— WORK REQUEST —
For this exercise, repeat exactly the lines below starting at the line holding "Semestrul I Unități" and ending at the line holding "Usaha sepasukan sekumpulan", both included, with no extra lines and no pictures.

....

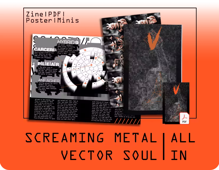 Screaming Metal: Vector Soul is a 48 page booklet featuring layout, design, and writing by me. Here are some preview spreads. It's full color, staplebound, and with your pledge I'll have the safety of working on it into the summer. It'll be printed in July with fulfillment happening Late July and August. This backerkit will be updated with WIP pages and pdfs as its worked on.
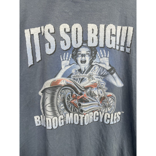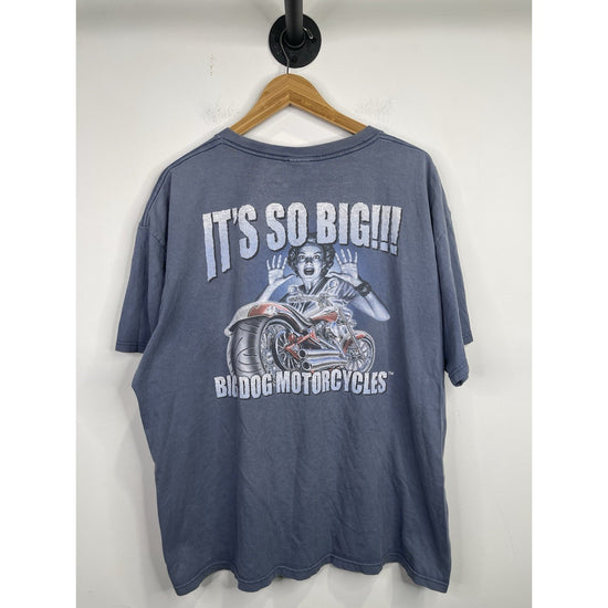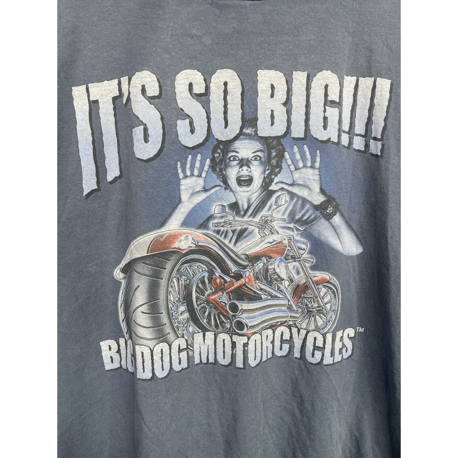 The Big Dogs Motorcycles Size 2XL Blue T-shirt is a vintage style shirt perfect for men who appreciate a regular fit and a bold motorcycle theme. The short sleeve design, crew neck neckline, and blue color add to the overall appeal of this eye-catching tee. With its oversized size and humorous "it's So Big!" slogan, this shirt is sure to make a statement for any biker or motorcycle enthusiast.
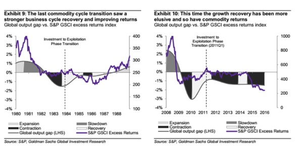 高盛指出,從2008年夏季以來,整體的商業周期依然處於最差的階段之中,持續時間之久為100年來之最。此外,opec在這次投資階段和利用階段轉換中也充當了額外的負面角色。
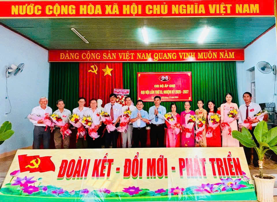 Chi bộ Ấp Chợ hiện có 39 đảng viên, nhiệm kỳ qua, với sự quyết tâm đoàn kết của đảng viên và sự lãnh đạo của Chi bộ, đời sống vật chất, tinh thần Nhân dân trong ấp được nâng lên rõ nét. Giao thông nông thôn thông suốt, cảnh quan môi trường sạch đẹp, tình hình an ninh chính trị - trật tự an toàn xã hội được giữ vững, các chỉ tiêu vận động đều thực hiện đạt kết quả cao. Các chủ trương, nghị quyết của Đảng đều được triển khai đến đảng viên trong Chi bộ và Nhân dân. Nổi bật, công tác an sinh xã hội luôn được chú trọng và quan tâm, đến nay ấp không còn hộ nghèo. Tỷ lệ hộ sử dụng điện đạt 100%; Tỷ lệ hộ sử dụng nước hợp vệ sinh đạt 100%. Năm 2023 ấp được UBND huyện Công nhận là khu dân cư kiểu mẫu; Tỷ lệ hộ đạt gia đình văn hoá đạt 98%. Khu dân cư đạt chuẩn văn hóa 5 năm liền.
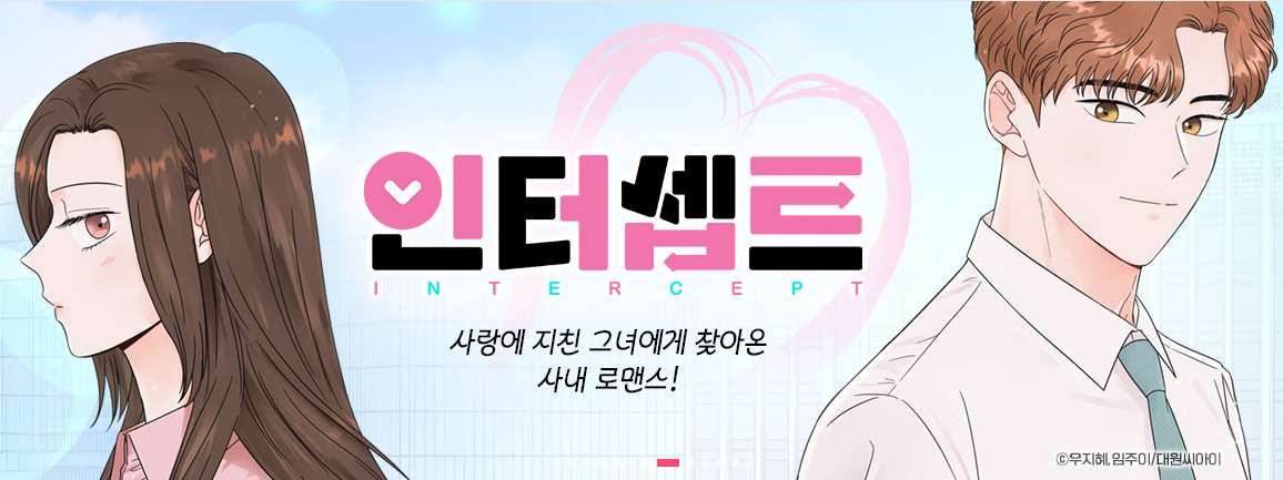사랑에 지친 그녀에게 찾아온 사내 로맨스! 비밀 사내 연애를 하다 갑작스럽게 이별 통보를 받은 차윤서. 그를 잊으려 노력하지만 어느 비 오는 날, 창 밖으로 보이는 옛 연인을 발견하고는 뛰쳐나간다. 하지만 이미 그에게는 새로운 사람이 있었고, 그가 윤서에게 큰 거짓말을 한 것을 깨닫게 된다. 충격으로 혼자 비를 맞던 윤서에게 한 남자가 우산을 내밀어주며 조금은 덜 나쁜 기억으로 그날을 마무리하게 되는데…. 며칠 후, 해외 파견에서 돌아온 소문의 사원 강제훈과 마주치게 되고, 그에게서 알 수 없는 익숙함을 느낀다. 그리고 늘 윤서에게 동기 사랑을 이유로 살갑게 대해주던 고승준이 제훈의 등장을 계기로 윤서와의 거리를 좁히기 시작하는데…! *원작 : 우지혜 [웹소설] 인터셉트
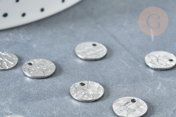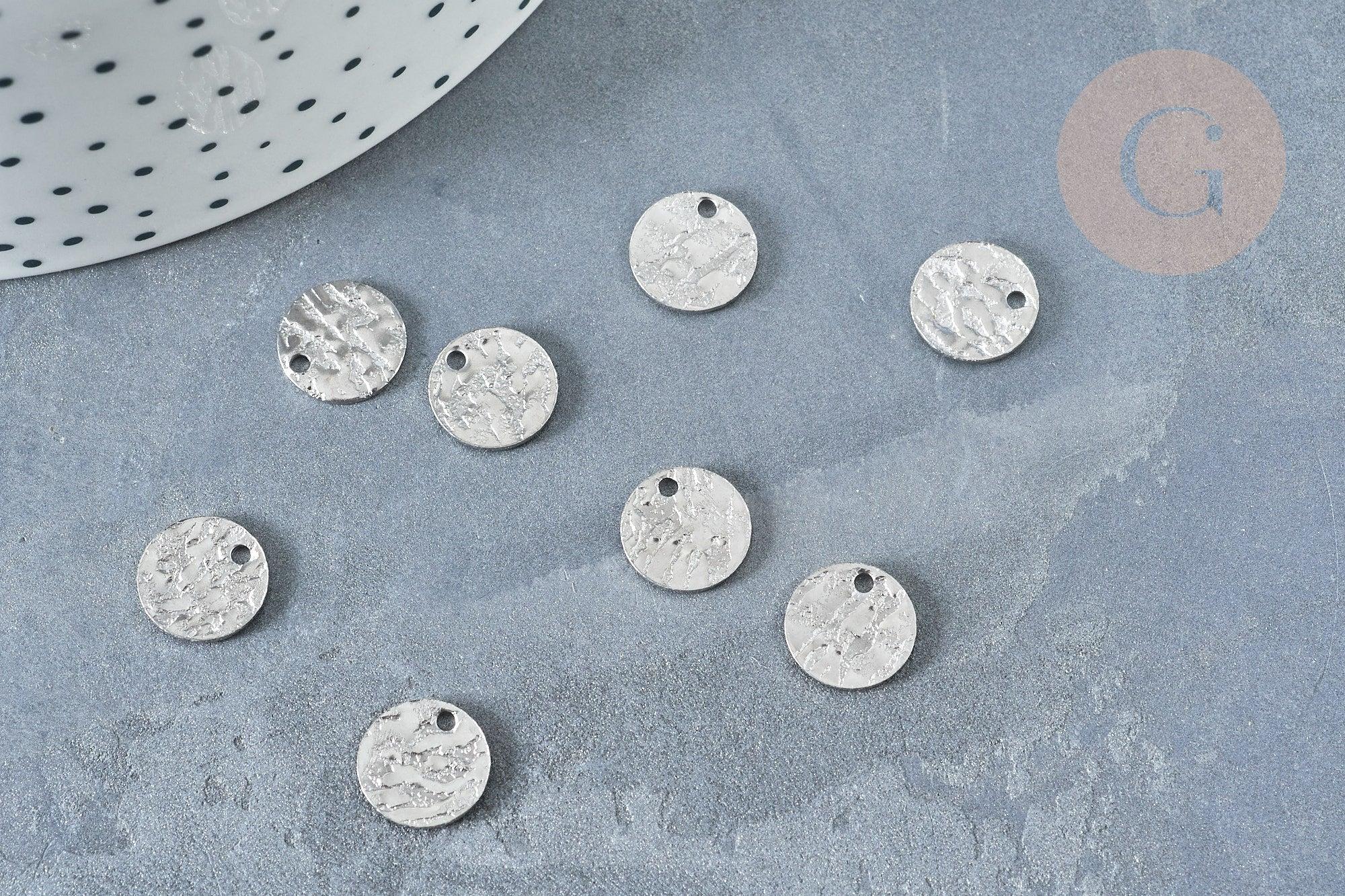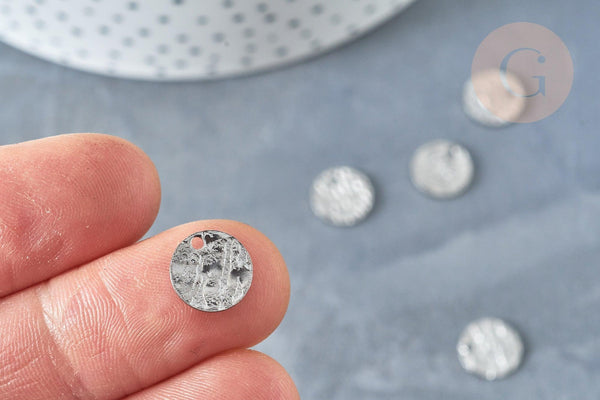 Déjate seducir por esta bonita medalla de plata texturizada para completar un collar, unos pendientes o una pulsera, para adornar con perlas o pequeñas piedras.
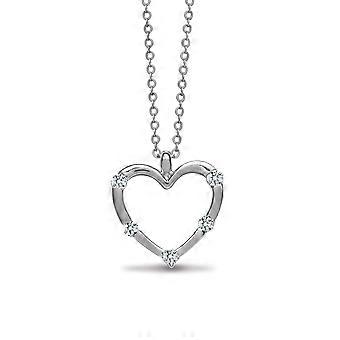Jewelco London Ladies Solid 18ct White Gold Channel Set Round G SI1 0.15ct Diamond Love Heart Charm Necklace
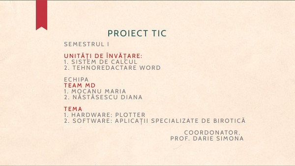 Semestrul I Unități de învățare: 1. Sistem de calcul 2. Tehnoredactare Word Echipa TEAM MD 1. MOCANU MARIA 2. NĂSTĂSESCU DIANA Tema 1. HARDWARE: Plotter 2. SOFTWARE: Aplicații specializate de birotică Coordonator, Prof. DARIE SIMONA
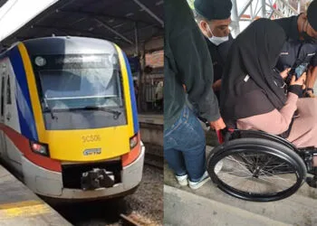 Usaha sepasukan sekumpulan pegawai polis bantuan membawa seorang wanita di atas kerusi roda menuruni tangga di stesen KTM menerima pujian...
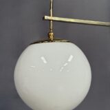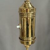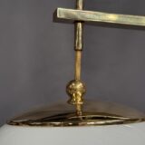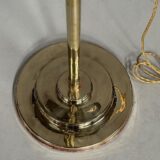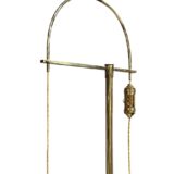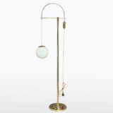 Mosazná stojací lampa z poloviny 20. století s oblým ramenem a původním opálovým skleněným stínidlem. Konstrukce je celá z leštěné mosazi, doplněná o závaží na kabelu, které slouží nejen jako vypínač, ale zároveň umožňuje výškové nastavení stínidla.
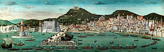 The kingdom suffered a heavy burden from the Franco-Spanish War (1635–1659). From 1631 to 1636 alone, Naples sent 53,500 soldiers and 3.5 million scudi to support the Spanish king.[10] This was actually more than was raised in the same time by Castile, which had a population twice the size. Naples provided and paid for 10,000 troops and 1,000 horses annually from 1630 to 1643, on top of a 1 million ducat annual subsidy for the war effort and more funds and soldiers for the kingdom's garrisons and navy.[11] The kingdom was increasingly forced to revert to borrowing to finance the war as it went on, which it could do due to its good credit. From 1612 to 1646, Neapolitan taxes tripled and the public debt quintupled, and 57 percent of the kingdom's revenue was devoted to interest payments. Spain's wars crushed the Neapolitan economy. Furthermore, 90 percent of taxes were collected by state creditors, meaning the state paid an effective interest rate of 70 percent annually on the money it borrowed to fight the war. The kingdom started selling state assets to anyone willing to buy them, which usually ended up being barons; these assets included prisons, forests, buildings, and even royal fortresses, as well as titles.[12]
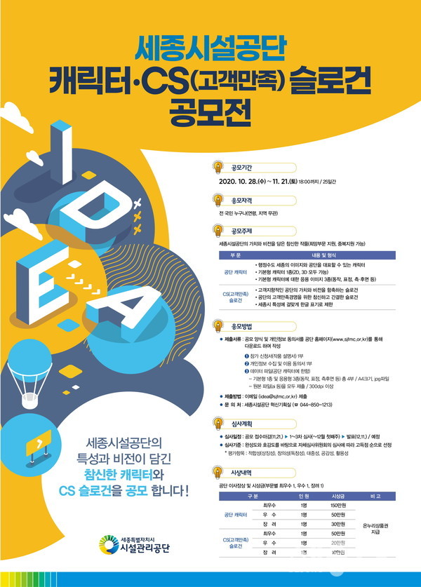 이번 공모전은 세종시의 특성을 반영한 공단을 상징하는 캐릭터와 고객만족경영을 위한 CS(고객만족)슬로건 두 개 부문을 대상으로 하며, 공모기간은 10월 28일부터 11월 21일까지로 공모전에 관심이 있는 사람이면 누구나 참여 가능하다.
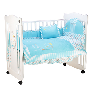 momo購物台,momo購物網:【VIVIBABY】長頸鹿嬰兒床+七件組寢具組(藍-粉)
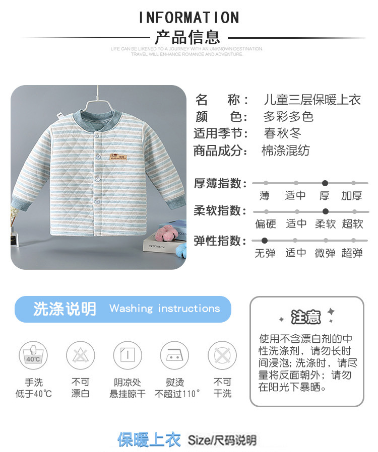 유아용 Folio 3 층 따뜻한 싱글 탑 남성 및 여성용 아기의 두꺼운 가을 옷 가을과 겨울 어린이 면 베이스 셔츠스토어 가기

....

— RESULT —
 Semestrul I Unități de învățare: 1. Sistem de calcul 2. Tehnoredactare Word Echipa TEAM MD 1. MOCANU MARIA 2. NĂSTĂSESCU DIANA Tema 1. HARDWARE: Plotter 2. SOFTWARE: Aplicații specializate de birotică Coordonator, Prof. DARIE SIMONA
 Usaha sepasukan sekumpulan pegawai polis bantuan membawa seorang wanita di atas kerusi roda menuruni tangga di stesen KTM menerima pujian...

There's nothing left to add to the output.